Etwas länger am Markt ist bereits IBA Aktiv Tours. Eckhard Hoika hat die Firma bereits 2003 gegründet, vermietet unter anderem Räder, bietet Touren an. Dabei geht es auch um den Landschaftswandel der Region. Kaum jemand in der Umgebung kann davon so gut erzählen wie der 65-Jährige. "Ich habe hier gelernt, der Tagebau war immer mein Begleiter. Und meine ganze Verwandtschaft ist umgesiedelt worden", erklärt Hoika. Vom Bergmann zum Seemann quasi. Inzwischen hat er seinen Sohn, den es wie die meisten seiner Freunde eigentlich woanders hin verschlagen hatte, zurückgeholt in die Heimat.
Hoffnungsschimmer Großräschener See
Die Touristikfirma hat vorsorglich ein Büro am Großräschener See bezogen. Hier ist es noch deutlich ruhiger als in Senftenberg. Am Ufer wächst zwar Wein, es gibt ein kleines Café. Doch die Bootsstege sind bisher nur mäßig besetzt, an der sogenannten IBA-Terrasse ist von einem Urlauberansturm nichts zu sehen. Grund: Noch ist der See gewissermaßen Betriebsgelände, Restloch Meuro. Auch am hellen 900 Meter langen Sandstrand stehen noch "Betreten verboten!"-Schilder. Noch für diesen Sommer aber wird die Freigabe erwartet.
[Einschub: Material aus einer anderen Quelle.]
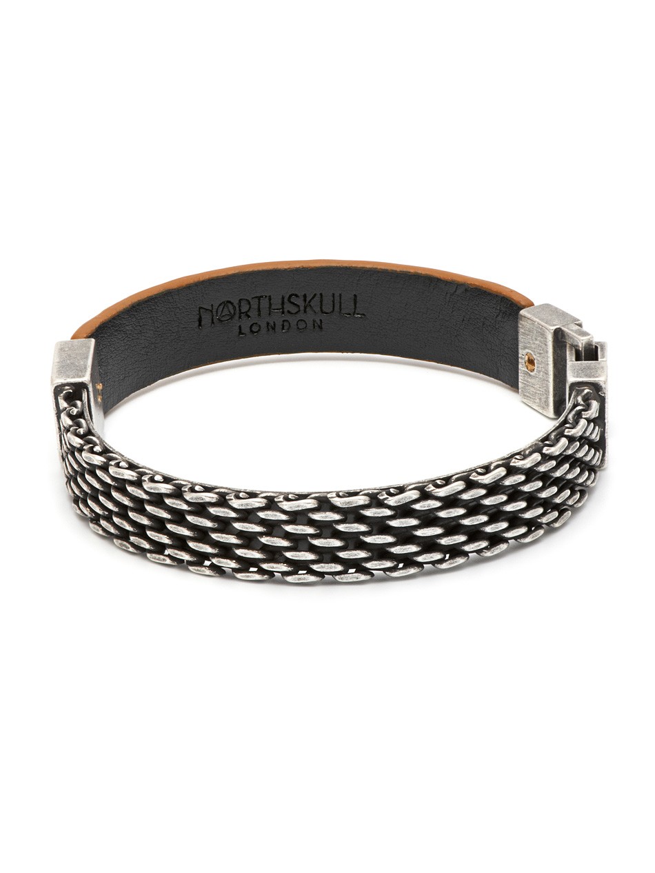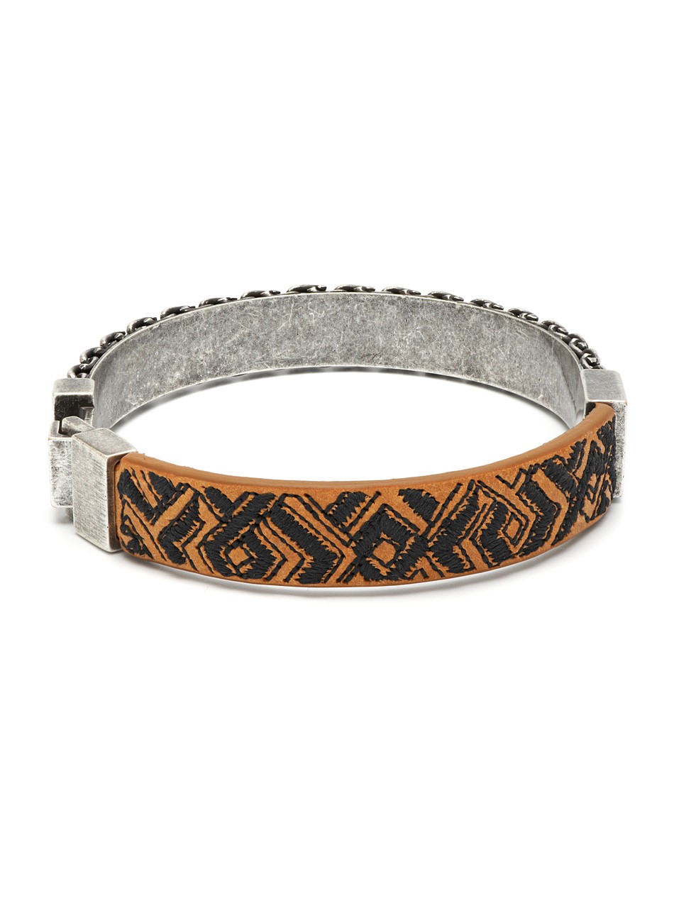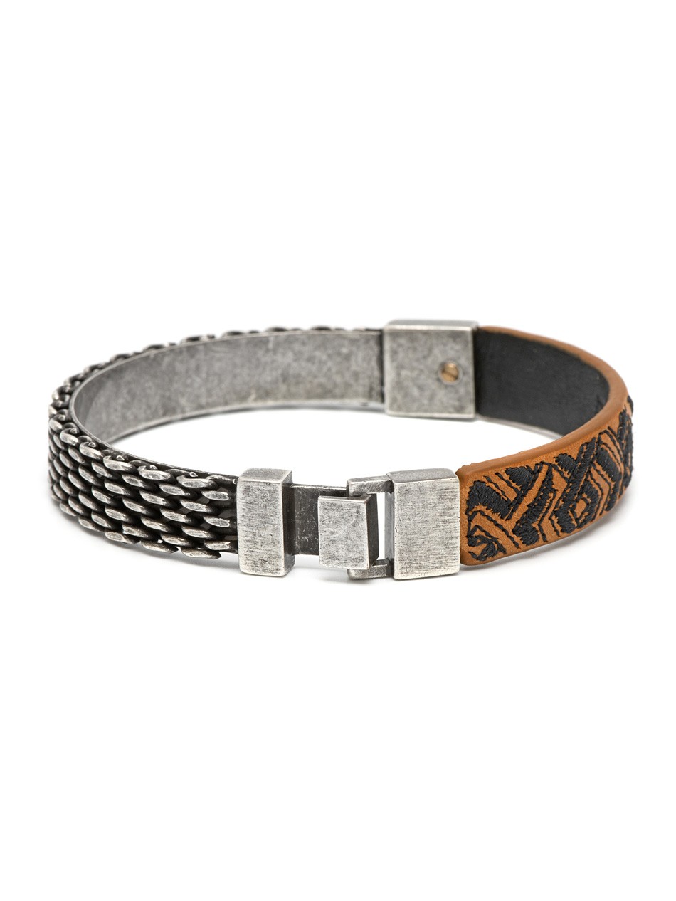Woto Embroidered Tag Bracelet in Burnt Orange and Aged Silver

"Noch vor 30 Jahren war das hier eine staubige, trockene Gegend. Es gab tote Bäume", erinnert sich Uwe Steinhuber vom Bergbausanierer LMBV. Jetzt sei mit dem See hier ein Kleinod entstanden. Experten und Touristiker warten nun sehnsüchtig darauf, dass es so richtig losgeht. Dann, so die Hoffnung, dürften auch rund um Großräschen (Oberspreewald-Lausitz) neue Unterkünfte öffnen. Denn noch fehlen gerade im Sommer Übernachtungsmöglichkeiten. "Wir haben viel Potenzial", betont der Vizechef des grenzübergreifenden Tourismusverbandes Lausitzer Seenland, Marcus Heberle. Wie viele Menschen der Region ihr Geld inzwischen mit dem Tourismus verdienen, wurde noch nicht erhoben.
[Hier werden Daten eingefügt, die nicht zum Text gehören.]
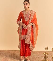 Orange embroidered silk kurta set with dupatta
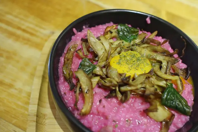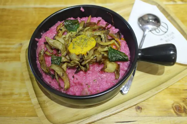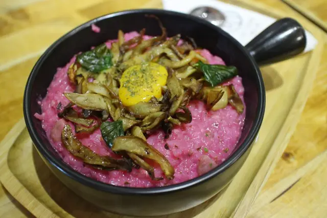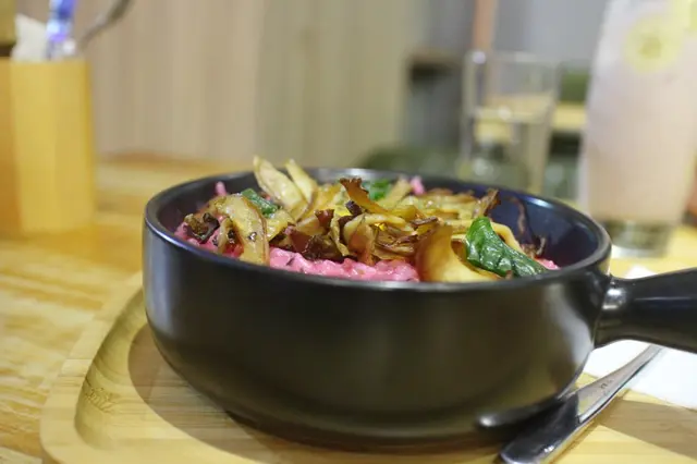 以香腸和菇類為主,粉紅色燉飯來自於甜菜根的顏色,讓燉飯呈現很亮麗的色澤,燉飯的米飯是偏軟的口感,味道算重,也算是飽足感算很高的一道
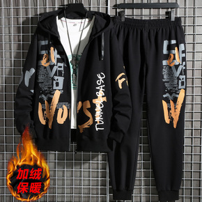 新加绒卫衣加肥加大码运动装卫衣套装休闲男装休闲男士...
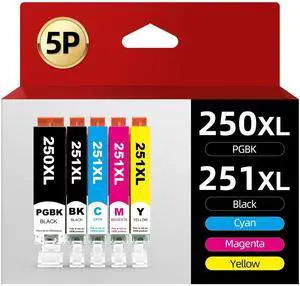 Skydo PGI-250XL CLI-251XL Ink Cartridge Compatible for Canon PGI-250XL PGI 250 XL CLI-251XL CLI 251 XL to PIXMA MX922 MX920 IX6820 MG7520 MG7100 MG5522 MG6320 MG6620 IP7220 IP8720 (5 Pack)

Wellness als Touristenmagnet im Winter
Noch ist das Lausitzer Seenland ein reines Sommerziel. Fast jedenfalls. Denn es gibt Bestrebungen, auch zu anderen Jahreszeiten Touristen anzulocken. Zum Beispiel im Senftenberger Wellnesshotel "Seeschlösschen". Die Luxusherberge fällt schon von außen mit seiner Natursteinfassade ins Auge. Drin stehen antike Ledersessel, hängen von der Decke Kronleuchter.
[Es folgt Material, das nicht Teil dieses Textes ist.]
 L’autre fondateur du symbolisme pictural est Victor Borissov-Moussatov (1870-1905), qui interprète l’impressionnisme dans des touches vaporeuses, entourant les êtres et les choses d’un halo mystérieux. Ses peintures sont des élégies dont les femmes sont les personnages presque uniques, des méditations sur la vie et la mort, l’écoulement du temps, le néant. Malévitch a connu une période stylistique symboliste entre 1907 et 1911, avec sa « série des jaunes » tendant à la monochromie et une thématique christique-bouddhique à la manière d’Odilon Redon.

In den vergangenen Jahren hat Inhaber Maik Zander zudem vor allem in den Wellnessbereich investiert. "Die Auslastung bleibt dadurch das ganze Jahr über relativ stabil und gleichmäßig“, resümiert der Hotelier. "Urlaub an der ehemaligen Tagebaukante: Das funktioniere im Lausitzer Seenland schon ganz gut", so Eckhard Hoika. Sicher werde es auch mal Schwierigkeiten geben. "Aber man sieht, dass es jedes Jahr vorwärts geht", so der ehemalige Bergmann und jetzige Touristiker.